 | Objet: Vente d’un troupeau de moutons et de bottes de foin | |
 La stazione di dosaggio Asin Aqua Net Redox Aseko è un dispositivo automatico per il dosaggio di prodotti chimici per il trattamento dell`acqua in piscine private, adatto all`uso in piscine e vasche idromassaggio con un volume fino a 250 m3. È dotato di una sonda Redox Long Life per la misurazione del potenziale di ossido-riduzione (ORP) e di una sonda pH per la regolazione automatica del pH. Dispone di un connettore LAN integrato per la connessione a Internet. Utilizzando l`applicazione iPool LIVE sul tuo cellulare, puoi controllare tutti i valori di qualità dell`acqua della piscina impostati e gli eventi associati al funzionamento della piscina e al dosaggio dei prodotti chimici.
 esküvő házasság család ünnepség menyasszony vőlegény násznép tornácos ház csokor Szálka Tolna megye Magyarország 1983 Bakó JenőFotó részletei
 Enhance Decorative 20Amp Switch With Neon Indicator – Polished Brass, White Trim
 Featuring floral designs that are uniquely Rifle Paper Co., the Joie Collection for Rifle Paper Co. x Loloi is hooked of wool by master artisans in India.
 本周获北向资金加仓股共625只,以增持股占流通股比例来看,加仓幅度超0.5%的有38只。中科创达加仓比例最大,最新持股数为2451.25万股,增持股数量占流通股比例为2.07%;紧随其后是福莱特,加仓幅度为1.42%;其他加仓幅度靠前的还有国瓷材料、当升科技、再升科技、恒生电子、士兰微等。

···

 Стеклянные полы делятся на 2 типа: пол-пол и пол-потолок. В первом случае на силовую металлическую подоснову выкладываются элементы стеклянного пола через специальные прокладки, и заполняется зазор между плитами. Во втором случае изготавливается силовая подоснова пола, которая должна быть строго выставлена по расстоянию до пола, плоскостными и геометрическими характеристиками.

···

About this task: Could you return exactly the lines above from the line with "de foin | |" to the line with "La stazione di", both included, and nothing else?

Reply to the task:
 | Objet: Vente d’un troupeau de moutons et de bottes de foin | |
 La stazione di dosaggio Asin Aqua Net Redox Aseko è un dispositivo automatico per il dosaggio di prodotti chimici per il trattamento dell`acqua in piscine private, adatto all`uso in piscine e vasche idromassaggio con un volume fino a 250 m3. È dotato di una sonda Redox Long Life per la misurazione del potenziale di ossido-riduzione (ORP) e di una sonda pH per la regolazione automatica del pH. Dispone di un connettore LAN integrato per la connessione a Internet. Utilizzando l`applicazione iPool LIVE sul tuo cellulare, puoi controllare tutti i valori di qualità dell`acqua della piscina impostati e gli eventi associati al funzionamento della piscina e al dosaggio dei prodotti chimici.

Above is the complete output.